This is not correct. Let's do an example:
WISP-A is getting bandwidth from Provider A. They have a /20 network.
Provider A has to allow that /20 in their BGP filters.
WISP-B is getting bandwidth from Provider B. They have a /20 network.
Provider B has to allow that /20 in their BGP fitlers.
WISP-A and WISP-B setup a peering, but also to allow failover if either
Provider goes down. Thus Provider A and Provider B both have to allow
BOTH /20 networks in their BGP filters.
Now, for some unknown reason, WISP-B decides to start announcing
WISP-A's /20 network as local to their network. BGP will become very
confused, and thus WISP-A will essentially be down. All of this with a
single network entry by WISP-B... they just wiped out WISP-A.
Travis
Microserv
Zack Kneisley wrote:
On 4/26/07, Travis Johnson <[EMAIL PROTECTED]> wrote:
My personal concern would be turning over my IP block to my competition.

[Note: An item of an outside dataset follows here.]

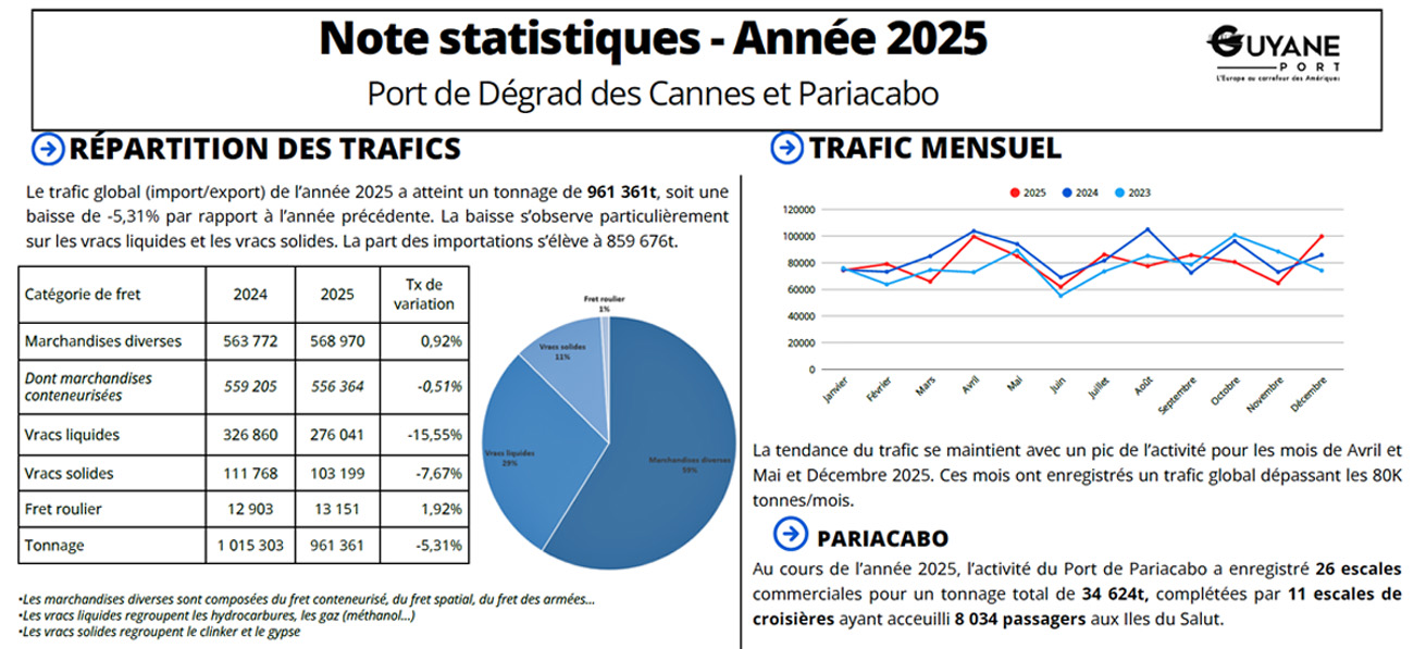 En 2025, le Grand port maritime (GPM) de la Guyane a enregistré une baisse de 5,31% de ses volumes, qui s’établissent à 961 361 tonnes. Malgré ce recul ponctuel, la tendance de fond reste positive sur la dernière décennie : depuis 2015, le trafic global est passé de 600 000 à 960 000 tonnes, soit une progression de 50%. La diminution observée en 2024 s’explique principalement par le repli des vracs. Les vracs liquides chutent ainsi de 15,5%, pour atteindre 276 041 tonnes, soit environ 50 000 tonnes de moins que l’année précédente, d’après une note du site Ports et corridors.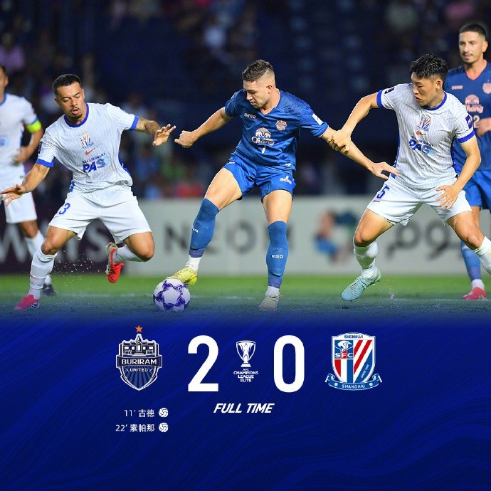 北京时间2月17日20:15,2025/26亚冠精英联赛第8轮上海申花客场挑战武里南联的比赛在武里南体育场进行。第10分钟,武里南联利用角球取得领先。第22分钟,素帕那抓住角球二点机会扩大领先优势。第24分钟,盖伊接米内罗横传禁区内打门被封堵。第30分钟,金顺凯前插打门擦柱而出。第34分钟,拉唐两黄变一红被罚出场。易边再战, 第50分钟,陈晋一突破传中,盖伊在干扰下抢点未果。第73分钟,吴曦头球攻门击中横梁。最终上海申花客场0-2告负,结束2025/26亚冠精英联赛征程。

They would have to have enough control to allow BGP routes from their
upstream. Technically they could misconfigure a router accidentally and
take your entire network down. :(
That is what BGP filtering and prefixes are about. Either you peer
correctly or incorrectly and don't peer. No turning over blocks
happen.
Travis
Microserv
Mike Hammett wrote:
> If they're network peering, they'd be connecting each other's networks
> together to exchange local traffic that way. They could also have an
> alliance where if someone's Internet feeds go out, they use another
> WISP's Internet feed until restoration.
>
This is great and what a reliable network is made of.